Thanks! It is also nice not to worry about the extra wire running down the shaft. Are you going with the Power Drive or Terrova?


----------



## EnonEye (Apr 13, 2011)

Just a weekend warrior Triton who's recently switched over from chasing Eyes to Craps so will get the PD2. Got a 10 year old PD on my Crestliner now and it does fine with the exception of trolling into a stiff breeze but short of that it does a nice job and has been reliable. Believe me I wanted to go with the Terrova 70 but had to try and keep a little peace at home


----------



## triton189 (Nov 6, 2009)

EnonEye said:


> Just a weekend warrior Triton who's recently switched over from chasing Eyes to Craps so will get the PD2. Got a 10 year old PD on my Crestliner now and it does fine with the exception of trolling into a stiff breeze but short of that it does a nice job and has been reliable. Believe me I wanted to go with the Terrova 70 but had to try and keep a little peace at home


Completely understand about keeping the peace! I did the reverse of what you are doing in regards from Eyes to Crappie. Used to only chase crappie... now I am obessed with the eyes. I see you fish CJ a lot... it has really become a good crappie lake with all the cover. My only concern now is I hope is doesn't get overfished! Small lake and a lot of people are keeping every legal fish. If you ever want to get up to Erie give me a shout. :T


----------



## EnonEye (Apr 13, 2011)

triton189 said:


> Completely understand about keeping the peace! I did the reverse of what you are doing in regards from Eyes to Crappie. Used to only chase crappie... now I am obessed with the eyes. I see you fish CJ a lot... it has really become a good crappie lake with all the cover. My only concern now is I hope is doesn't get overfished! Small lake and a lot of people are keeping every legal fish. If you ever want to get up to Erie give me a shout. :T


Ok will do, thanx for the invite. I have a love/hate relationship with Erie, have never done anything on the eyes near worth the trip up there except on the Maumee and that's about 1 good trip for every 3 bad ones.
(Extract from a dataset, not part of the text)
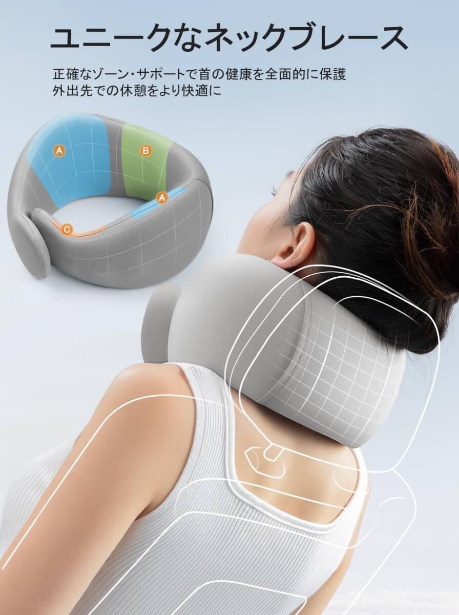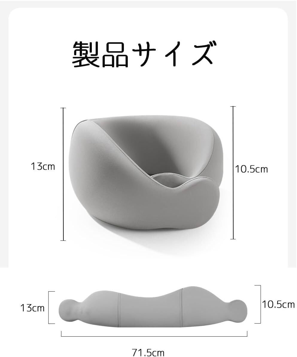 ・アゴから耳うしろに向かって立ち上がる形状が、後頭部を支えて、長時間過ごせる自然なポジションにします。高い通気性の生地を使用し、効率よく空気が出入りするので、首まわりが蒸れにくく、快適な睡眠時間を過ごせます。
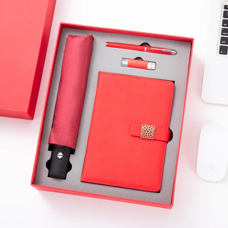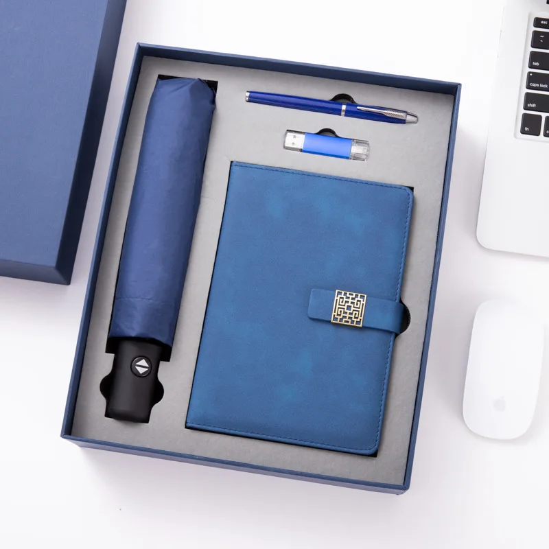 Corporate Gifts Souvenir for Guests Custom logo Notebook Diary with Pen and Customize Umbrella and USB Sets

Tried again this year in the spring with no luck but it was a bad spring everywhere this year. Had a little luck fishing crappies for the 1st time up there last fall and that was good. You go up for eyes or crappies now?


----------



## triton189 (Nov 6, 2009)

EnonEye said:


> Ok will do, thanx for the invite. I have a love/hate relationship with Erie, have never done anything on the eyes near worth the trip up there except on the Maumee and that's about 1 good trip for every 3 bad ones. Tried again this year in the spring with no luck but it was a bad spring everywhere this year. Had a little luck fishing crappies for the 1st time up there last fall and that was good. You go up for eyes or crappies now?


Now I will fish for Walleye in the early morning and switch to Perch as the sun gets high. In the evening I will go back to Walleye. If you want monster crappie the fall is my favorite on Erie. Have been going up for 8 years sometims just to fish for the crappie. It is as close to the Southern size crappie as you can get! I have some very good spots.


----------



## retiredfisherman (Sep 14, 2011)

Minn-Kota does make a couple of models in the Terrova without the US/2 sonar but not in many sizes and they don't have I-Pilot on them either. I have a triton TR18 Pro and I'm running a Terrova 80lb 24v with US/2 but don't us the US/2 because I'm running a 788ci HD DI on the bow and it uses a 200/455khz transducer where US/2 is a 83/200khz set-up and wont show the Down Imaging.


----------